The second technique I recommend when reading these scare stories is to seek details on the vulnerabilities. Once we identify who is involved we also need some idea of their capability to cause actual damage. Ironically, I can’t think of a better example than China to illustrate this point.

News has been flaring up that there has been a crackdown in China on expression.
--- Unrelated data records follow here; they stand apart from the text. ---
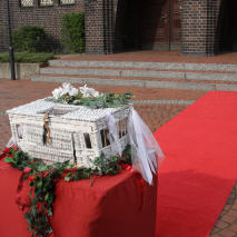 Eine schöne, romantische Hochzeit mit Musik, rotem Teppich, langstieligen roten Rosen, Luftballons, Hochzeitsauto oder Hochzeitskutsche muss nicht teuer sein. Wir liefern Luftballons befüllt mit Heliumgas, Bändern und Anhängern fix und fertig zu Ihrer Veranstaltung. Wir sind der richtige Ansprechpartner für Fahrzeuge, Foto- und Videografen und für Dekorationen rund um Ihre Hochzeit. Nutzen Sie unsere langjährige Erfahrung im Bereich Heirat, Trauung und Hochzeit in der Stadt Duisburg.
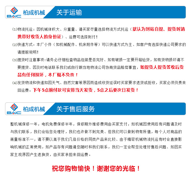 柏成机械公司所出产的产品,以其优异的功能,精巧的质量,完善的供应效劳以及诚笃守信的运营风格,赢得了国内外客户客户喜爱,在此,对长期以来支撑与信任“柏成”的新老客户朋友表明诚心和诚挚的感谢。柏成机械公司将永久本着“唯精仅有,与众不同."坚定信念与您一同发明光辉。
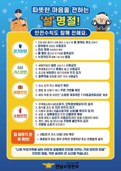 ¸íÀý ±â°£¿¡´Â À½½Ä Á¶¸®¿Í Àü±â Á¦Ç° »ç¿ë Áõ°¡ µîÀ¸·Î ÈÀç À§ÇèÀÌ Ä¿Áö°í, Àå°Å¸® À̵¿°ú ¿©ÇàÀ¸·Î ÀÎÇÑ ¾ÈÀü»ç°í À§Çèµµ ÄÑ °¢º°ÇÑ ÁÖÀǰ¡ ÇÊ¿äÇÏ´Ù.
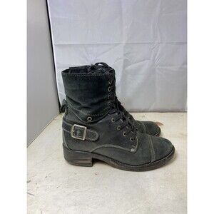 Taos Womens Crave Boot Size 5 Black Leather Moto Lace Up Combat Bootie Lug Sole
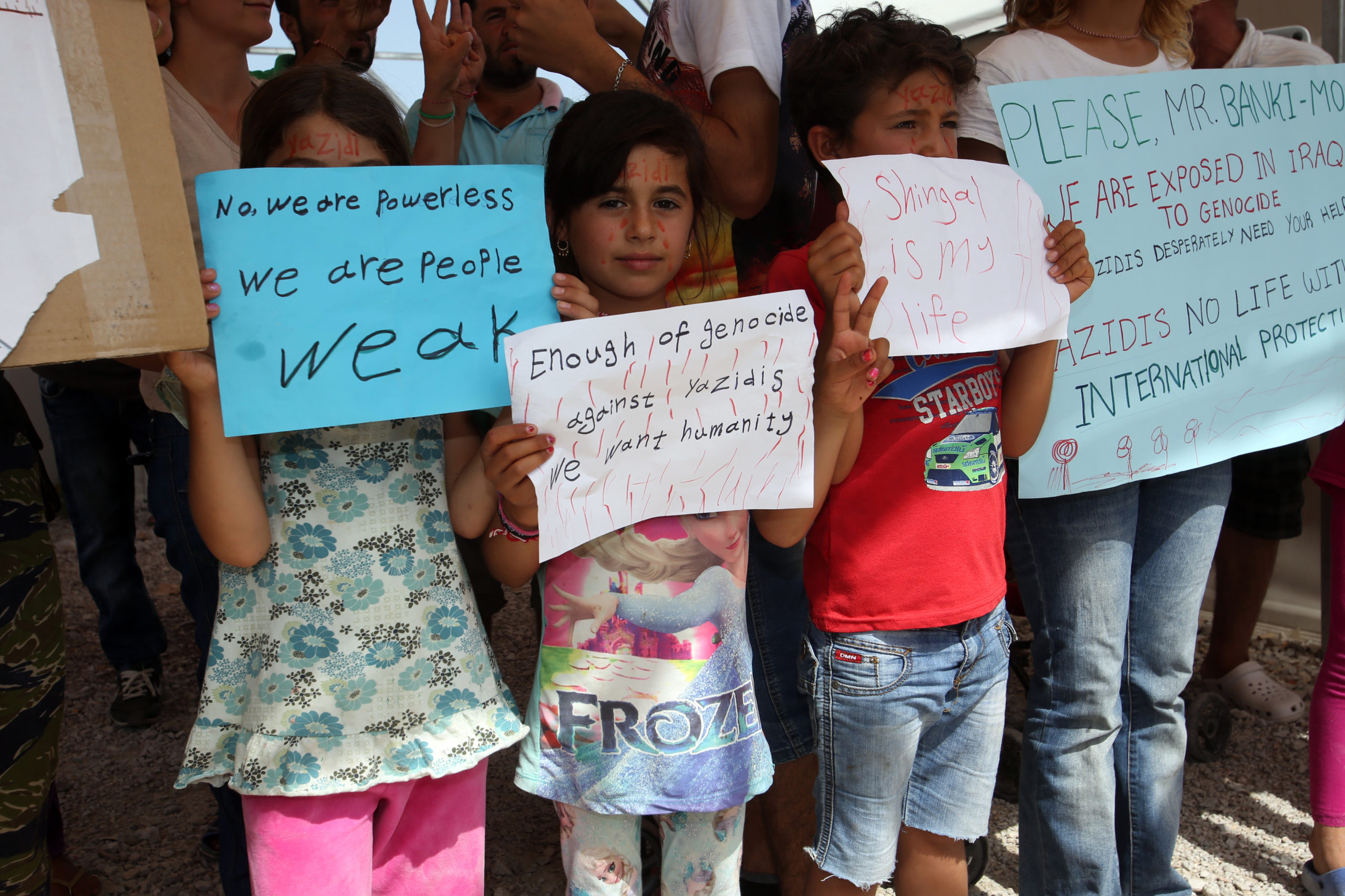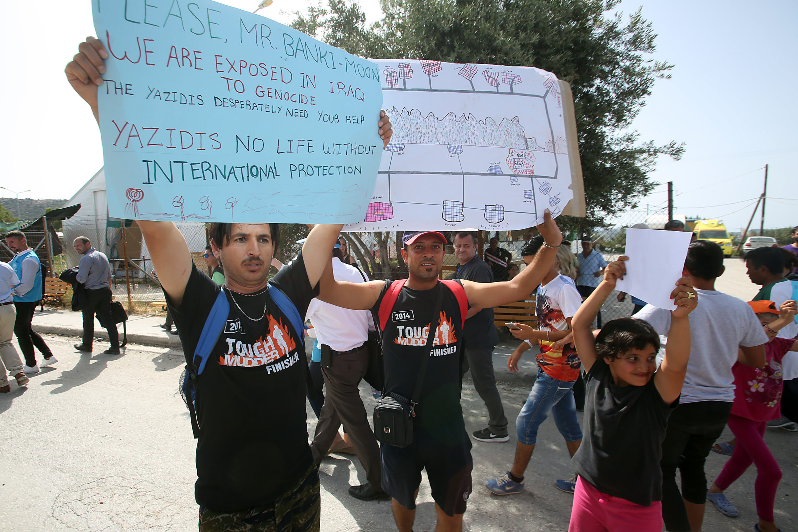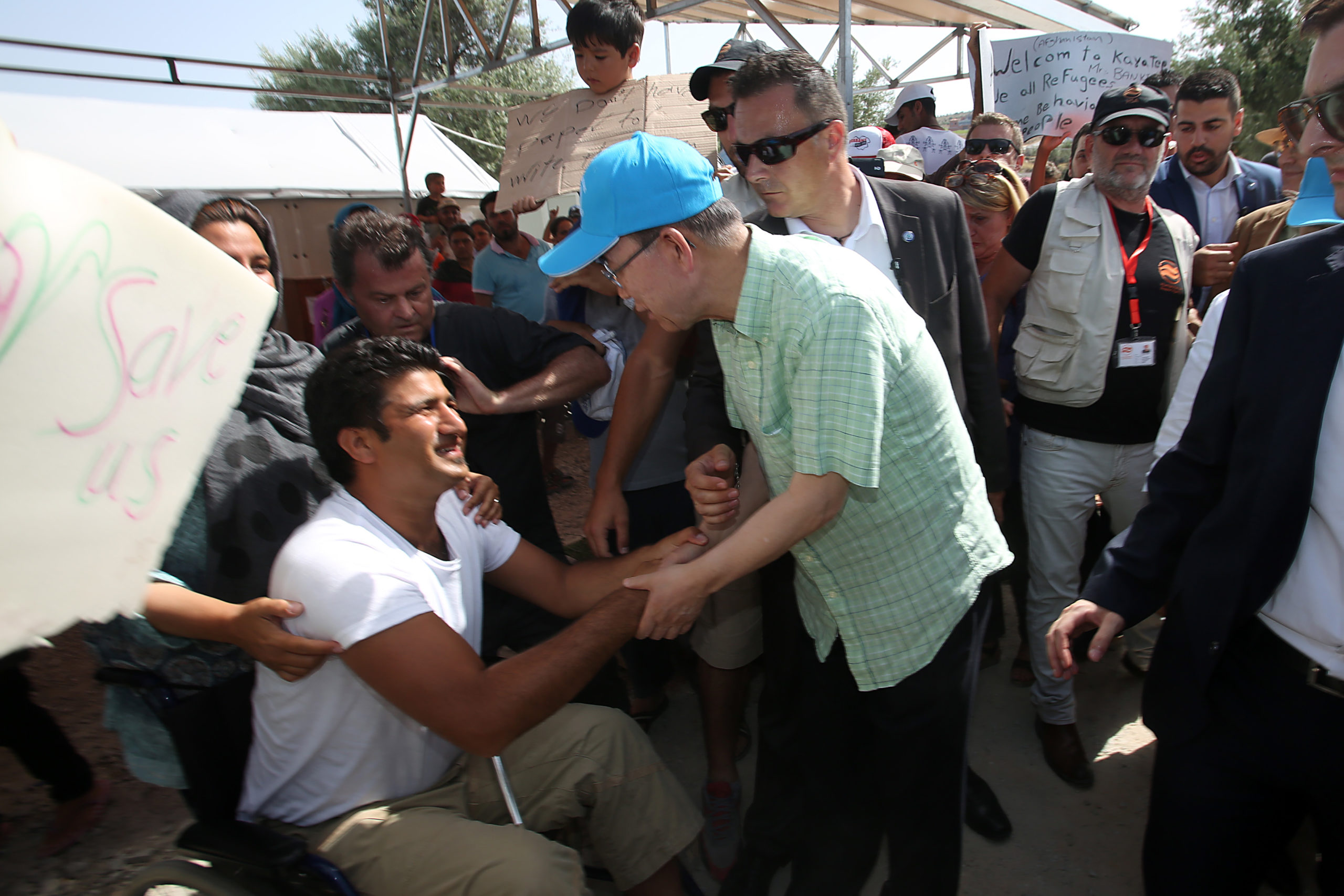 Κρατώντας πλακάτ περίμεναν τον Γενικό Γραμματέα του ΟΗΕ Μπαν Κι Μουν οι πρόσφυγες στον καταυλισμό Καρά Τεπέ, στη Λέσβο.
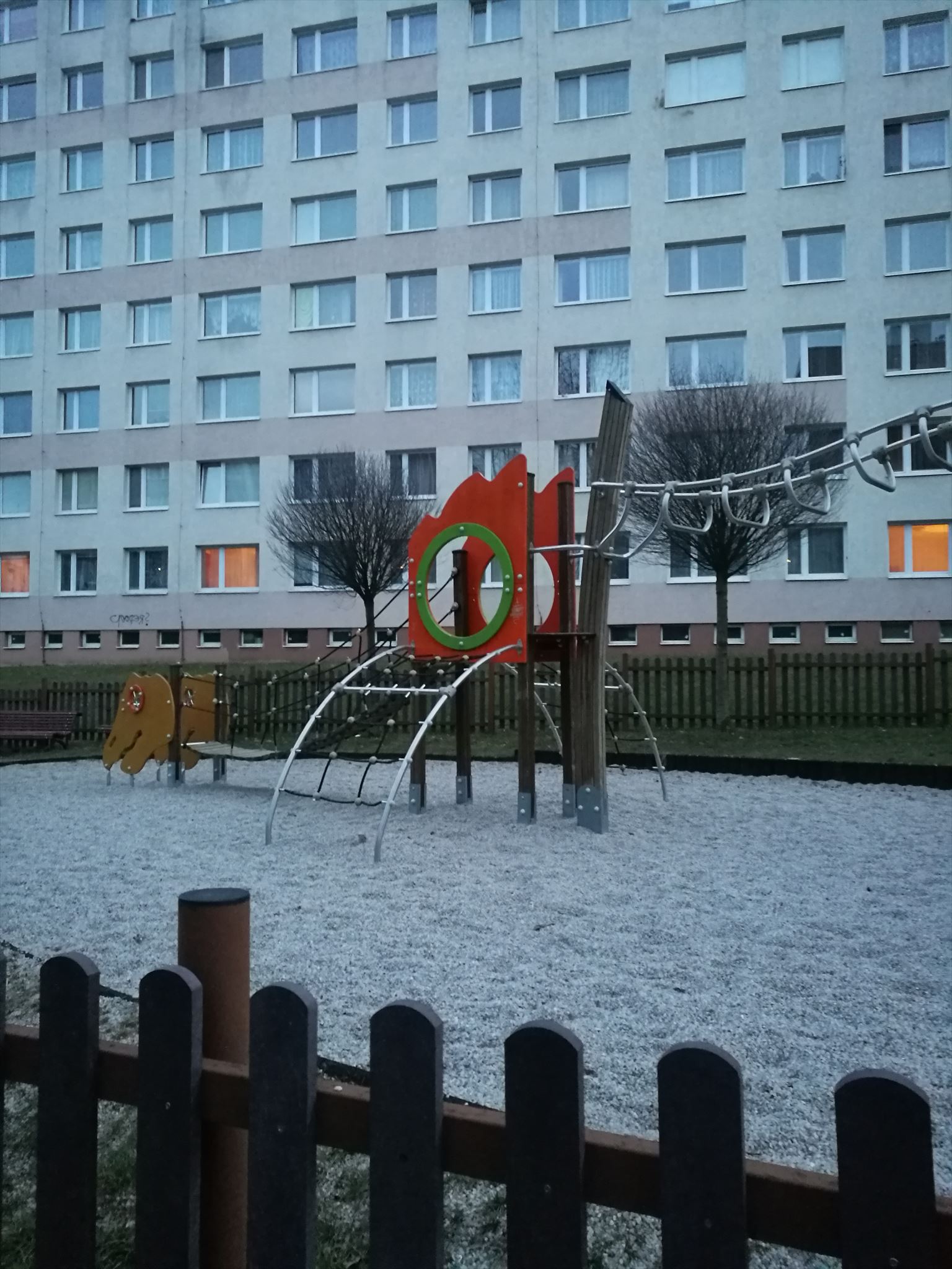 V blizkosti souradnic N 50° 03.857 E 014° 18.766 hledejte u plotu hriste vyfocenou lampu a zjistete jeji cislo. Na hristi spocitejte vyskyt pruzinovych houpacek; tj. hernich prvku, u kterych je na jedne nebo vicero pruzinach (strunach), ktere jsou pripevnene do zeme, nasazena cast, na ktere dite sedi nebo stoji a houpa se vykyvy pruziny... Definici vkladam na zaklade logu k predchozim kesim serie...

The Chinese are upset about the Chinese and restricting speech they consider harmful.

Authorities also closed 16 websites and detained six people, Xinhua reported, for allegedly spreading rumors of “military vehicles entering Beijing and something wrong going on in Beijing,” a spokesperson for the State Internet Information Office told Xinhua.

This is a case where an authority sees a threat so great that they take action to reduce risk. As Americans we most likely disagree with the Chinese government’s assessment of vulnerability. We live in a country where freedom of speech is said to make us stronger (still with some exceptions).

However, if you look past the question of who is the threat and on to the question of capability then the Wall Street Journal story really comes down to the FBI calling for more “guns” to fight a “Hacker War” so they can increase their capabilities, perhaps to the level that the Chinese are demonstrating with their latest crackdown.

Americans reading the Wall Street Journal story might be distracted by the Chinese tangent and think this is an us versus them war. But the reader is wise to think much more carefully about whether and when they trust an increase of power in authority to crack down on threats that may actually be on the inside.

Alas, we’re now back to the question of what they mean by “Hacker War”. If we try to define war without any notion of internal threats then it becomes more of a discussion of whether and where the U.S. is working on ways to undermine or bypass sovereignty again. But it should hopefully be clear now that the threat is not just external.

Perhaps the best way to look at this is with regard to healthcare risk news. If the Wall Street Journal ran a story on the latest data on eating well they probably would have titled it “U.S. Outgunned in Sugar War.” So the question becomes why are we allowing ourselves to do so much damage to ourselves? Or maybe the question, in terms of Bruce Schneier’s new book, is how much damage is acceptable before we are willing to give more fire power to authorities if we know how much it can reduce our freedom.